DNA methylation heterogeneity attributable to a complex tumor immune microenvironment prompts prognostic risk in glioma

Figures & data

Figure 1. The association between the PIM score and the tumor immune microenvironment. (a). The bubble plot shows different correlations in GBM (upper) and LGG (bottom) samples from TCGA. The immune score, stromal score, and tumor purity were assessed by the ESTIMATE algorithm [32]. (b). The charts show the correlation degree (see methods) between the PIM score corresponding to different intermediate methylation levels and cell marker expressions in various cell types (table S2). A higher correlation degree indicates a stronger association between marker gene expressions and intermediate methylation levels. The range of correlation degrees at different intermediate methylation levels is larger, and the color bar is deeper. (c). The tumor immune microenvironment consists of multiple cell types (left, created with biorender.com, https://biorender.com/). The distributions of DNA methylation profiles varied in single cell type and tumor bulk samples (right, single cell type shows 0% or 100% methylation status, intermediate methylation level was higher in tumor tissue). The lollipop plot shows glioma tumor tissue had the highest intermediate methylation level.
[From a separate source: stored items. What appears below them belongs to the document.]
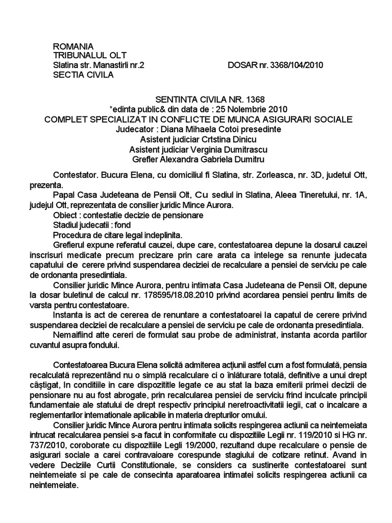 Dosare procese si exemple din jurisprudenta romaneasca(hotarari judecatoresti, spete, decizii) publicate de instanta de judecata tribunalul olt. Ei au cerut ca dosarul să se judece la o instanţă care se află la o distanţă mai.
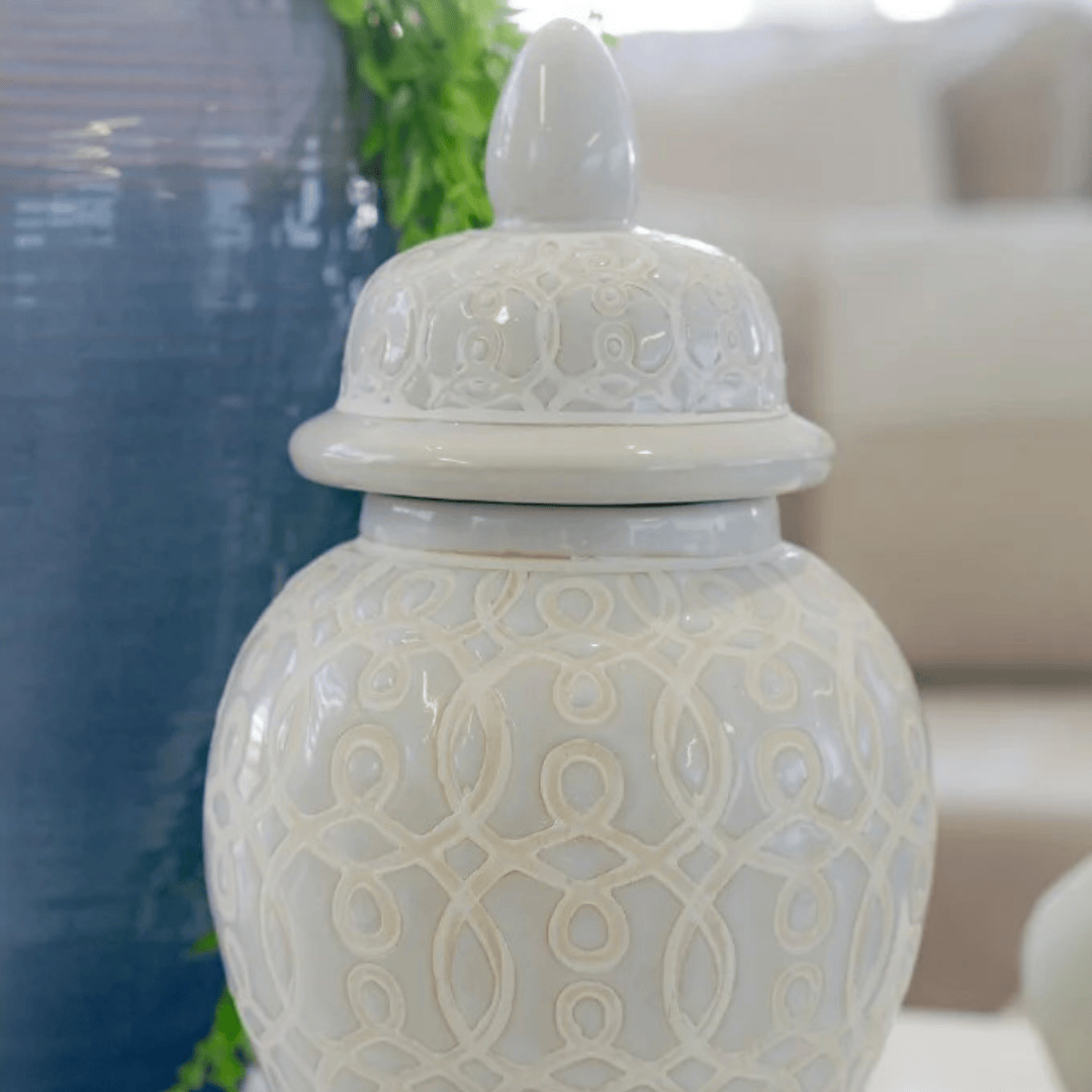Accesorio decorativo en cerámica labrado.
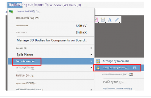 (2) Execute the menu command “Tools-Device Placement-Arrange in Rectangular Area”.
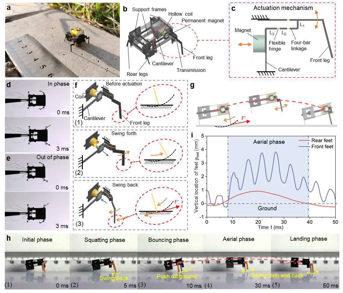 为提高微型动力系统的能量转换效率,团队发明了一种基于直线式驱动和柔性铰链传动的新型动力系统,可以在厘米尺寸下实现能量的高效转化。微型动力系统中,直线式驱动器将输入的电能转化为机械能,并向外输出机械振动;柔性铰链传动机构将这种振动转换为仿生腿的周期振动(图1de)和机器昆虫机体的高频弹跳运动(图1h),最终实现电能到动能的高效转换(图1)。

Figure 2. Intertumoral DNA methylation heterogeneity characterizing NMF subtypes. (a). The correlation between DNA methylation heterogeneity and tumor purity (Spearman’s rank correlation coefficient). (b). Using non-negative matrix factorization, GBM and LGG samples from TCGA were classified as three tumor immune microenvironmental subtypes (NMF subtypes). (c). The DNA methylation heterogeneity differed between NMF subtypes (Wilcoxon signed-rank test, P-values*** < 0.001, P-values** < 0.01, P-values* < 0.05). (d). The bubble plot demonstrates the CV values of the cellular enrichment ssGSEA score across NMF subtypes. (e). The line chart shows the CV values in DNA methylation heterogeneity, DNA methylation level, and cellular enrichment score in all glioma patients before clustering and in patients within the same NMF subtypes. (f). 90.18% of NMF-2 samples were enriched in isocitrate dehydrogenase (IDH) mutant status and 89.47% of NMF-2 samples were enriched in O-6-methylguanine-DNA methyltransferase (MGMT) promoter methylation status (hypergeometric test-P < 0.001).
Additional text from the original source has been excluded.